Closed mattsmithuk closed 1 month ago
That sounds like the llama-cpp-python extension is failing to load because the CPU doesn't support one of the required instructions. Can you provide some information about what hardware you are using? x86 vs arm, does it support AVX or FMA?
You can try building your own wheel on the docker host using the scripts in the /dist folder of this repo.
Closing because not enough info
I'm having this issue too on a Synology DS220+, 10GB DDR4, Intel Celeron J4025 (possibly x86?)
I'm having this issue too on a Synology DS220+, 10GB DDR4, Intel Celeron J4025 (possibly x86?)
Ok a quick google search shows that CPU does not support AVX extensions. This means we need to provide an non-AVX, AVX, and AVX512 builds for x86 wheels and then pick the appropriate one at install time based on the features reported by the CPU.
Is this hard to do and would it be worth the effort? As in, would the CPU (or NAS in general) even be able to efficiently run the LLM?
Is this hard to do and would it be worth the effort? As in, would the CPU (or NAS in general) even be able to efficiently run the LLM?
Hard? No. Llama.cpp already supports easily building those variants out of the box and I was able to get it added to the Github actions builds for this repo last night. Should be included in the next release.
Able to run on a NAS? Actually yes. You don't need a giant model to handle common household requests. I have been messing with fine-tuning the new TinyLllama 1.1B releases (will probably be Home-1B-v3) and have been able to get a model that is really accurate and responds in 3-5 seconds on a Raspberry Pi 5 using the new prompt caching feature in the integration. "Prompt Caching" pre-processes your house state in the background and Llama.cpp caches the results so that the model is ready to respond to your request when it comes in.
Also some recent changes to Llama.cpp should drastically speed up the prompt processing (~20x increase on fp16 and ~10x increase on q_8) that will get pulled into this project once they make it into llama-cpp-python.
That's awesome to hear. I was actually just about to switch my HA setup from that NAS to a Pi 5 so good to know it'll still perform well on there (hopefully even better). When do you anticipate the next release to be built and ready for download?
That's awesome to hear. I was actually just about to switch my HA setup from that NAS to a Pi 5 so good to know it'll still perform well on there (hopefully even better). When do you anticipate the next release to be built and ready for download?

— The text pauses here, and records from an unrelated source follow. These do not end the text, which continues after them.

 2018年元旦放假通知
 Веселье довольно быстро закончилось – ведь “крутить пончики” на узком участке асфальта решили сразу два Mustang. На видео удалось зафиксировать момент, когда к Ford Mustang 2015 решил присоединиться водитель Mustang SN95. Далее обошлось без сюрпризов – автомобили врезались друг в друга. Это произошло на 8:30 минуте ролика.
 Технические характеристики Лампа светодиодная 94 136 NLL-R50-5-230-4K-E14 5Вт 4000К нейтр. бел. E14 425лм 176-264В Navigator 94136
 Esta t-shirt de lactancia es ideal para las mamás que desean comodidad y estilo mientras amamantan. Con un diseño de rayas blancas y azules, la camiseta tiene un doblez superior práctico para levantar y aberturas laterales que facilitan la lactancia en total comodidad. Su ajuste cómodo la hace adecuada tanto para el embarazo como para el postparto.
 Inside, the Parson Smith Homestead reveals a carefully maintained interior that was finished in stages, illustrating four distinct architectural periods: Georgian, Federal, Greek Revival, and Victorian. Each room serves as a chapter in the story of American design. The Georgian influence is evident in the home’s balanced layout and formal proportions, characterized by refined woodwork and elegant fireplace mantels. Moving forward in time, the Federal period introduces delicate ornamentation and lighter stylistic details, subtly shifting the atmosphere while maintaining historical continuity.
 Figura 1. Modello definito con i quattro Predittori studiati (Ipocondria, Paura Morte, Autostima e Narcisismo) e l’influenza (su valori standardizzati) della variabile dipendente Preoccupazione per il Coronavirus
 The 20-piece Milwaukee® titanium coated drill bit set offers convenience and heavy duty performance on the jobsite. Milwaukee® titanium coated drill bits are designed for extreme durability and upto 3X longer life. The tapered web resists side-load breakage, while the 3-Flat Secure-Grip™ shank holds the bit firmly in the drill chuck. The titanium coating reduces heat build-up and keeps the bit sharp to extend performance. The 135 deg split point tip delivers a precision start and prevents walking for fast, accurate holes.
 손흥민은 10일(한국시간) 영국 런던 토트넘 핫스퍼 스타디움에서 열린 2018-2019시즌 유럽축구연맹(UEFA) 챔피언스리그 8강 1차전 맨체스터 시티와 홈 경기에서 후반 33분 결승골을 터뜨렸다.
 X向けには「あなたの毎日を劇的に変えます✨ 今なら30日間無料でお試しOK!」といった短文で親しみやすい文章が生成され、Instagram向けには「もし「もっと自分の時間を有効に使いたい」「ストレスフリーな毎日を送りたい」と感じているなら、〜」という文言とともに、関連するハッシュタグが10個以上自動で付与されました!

At least a week. Need to wait for the updates to make it into a llama-cpp-python release
Just to check, does this current model work on Pi 5 or do I need to wait for the new update that includes(?) ARM and x86 support?
Same Issue here (probably the same issue). I have a i5-3470S x86 CPU (With AVX not AVR). It would be awesome to use this integration as it works perfectly with ollama, but I want to run the model on my homeassistant server. Thanks for this awesome work!

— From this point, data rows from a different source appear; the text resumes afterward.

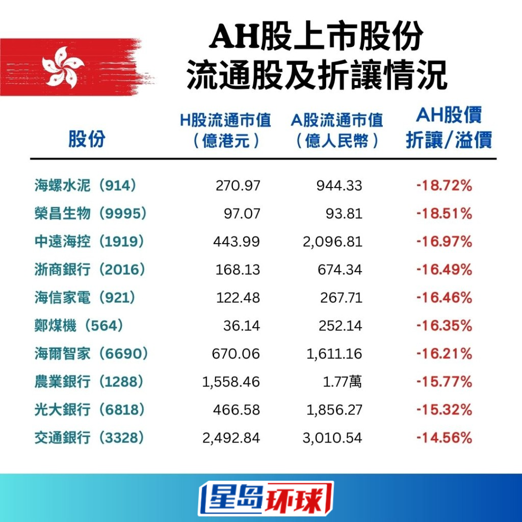 此外,統計目前153只AH股上市股份之中,有143只的H股流通市值較A股為小,屬市場主流,但只有11只股份折讓低于10%,反映AH股折讓收窄的路仍然漫長,而流通股份多寡的影響或對新股上市初期較大。
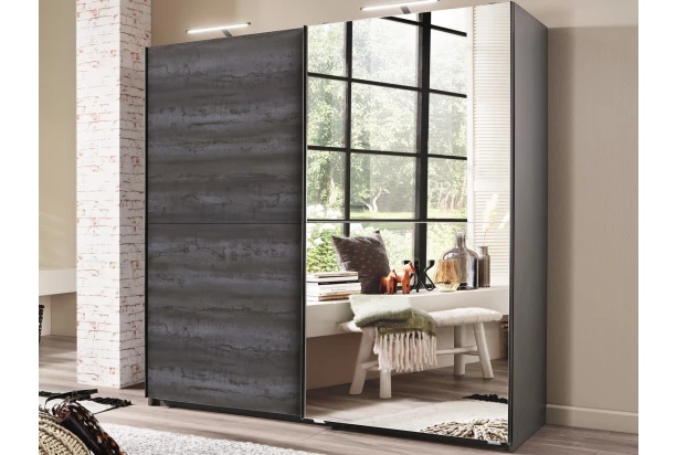 Šatníková skriňa so zrkadlom a posuvnými dverami so šírkou 180 cm ,zaujme na pohľad imitáciou šedej vintage ocele. Ideálne doplní mladistvý interier v mestskom industriálnom štýle.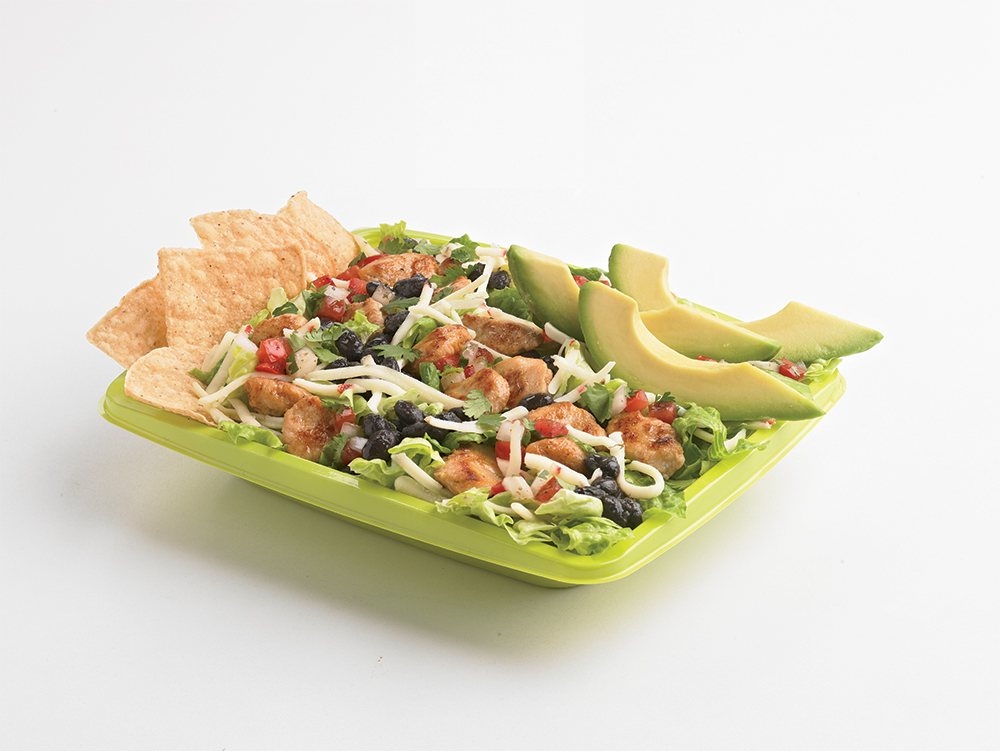 The Mexican Chopped Chicken Salad is made with fresh grilled chicken, black beans, avocado, tortilla chips, fresh avocado, cilantro, spicy jack cheese, a lettuce blend and handmade pico de gallo. It come with salsa casera to use as a dressing.

Just to check, does this current model work on Pi 5 or do I need to wait for the new update that includes(?) ARM and x86 support?

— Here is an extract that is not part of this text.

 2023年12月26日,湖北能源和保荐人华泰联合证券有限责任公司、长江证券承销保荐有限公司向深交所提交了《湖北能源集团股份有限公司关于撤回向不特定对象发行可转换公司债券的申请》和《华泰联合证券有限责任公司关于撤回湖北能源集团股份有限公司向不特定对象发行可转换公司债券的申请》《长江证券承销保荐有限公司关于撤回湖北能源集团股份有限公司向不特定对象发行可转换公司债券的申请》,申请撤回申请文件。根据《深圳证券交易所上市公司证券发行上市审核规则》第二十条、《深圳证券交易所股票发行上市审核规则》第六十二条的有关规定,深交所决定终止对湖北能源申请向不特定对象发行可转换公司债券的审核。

Yes it already works. There was just an improvement recently that makes it faster.
Same Issue here (probably the same issue). I have a i5-3470S x86 CPU (With AVX not AVR). It would be awesome to use this integration as it works perfectly with ollama, but I want to run the model on my homeassistant server. Thanks for this awesome work!
The next integration release should have a -noavx
wheel that will download if it detects your CPU doesn't have the correct feature set.
just a quick question. When the new version of this component is released, will I have to somehow uninstall the llama-cpp-python library because that is still not the correct version?
just a quick question. When the new version of this component is released, will I have to somehow uninstall the llama-cpp-python library because that is still not the correct version?
Hopefully not. I want to make it so that the integration will detect an old version installed and update it.
I've finally got my hands on the Pi 5, but unfortunately it seems to take a while to respond and after only a few queries it shuts my Pi down, turning the LED red. I got an aluminium heatsink to see if it was just overheating but that only seems to have increased the amount of messages I can send before it shuts down. Am I doing something wrong? (Also tell me if I should open a new issue if needed)
I've finally got my hands on the Pi 5, but unfortunately it seems to take a while to respond and after only a few queries it shuts my Pi down, turning the LED red. I got an aluminium heatsink to see if it was just overheating but that only seems to have increased the amount of messages I can send before it shuts down. Am I doing something wrong? (Also tell me if I should open a new issue if needed)
Hmm my best guess would be overheating or drawing too much power for the power adapter. If it keeps happening then open a different issue.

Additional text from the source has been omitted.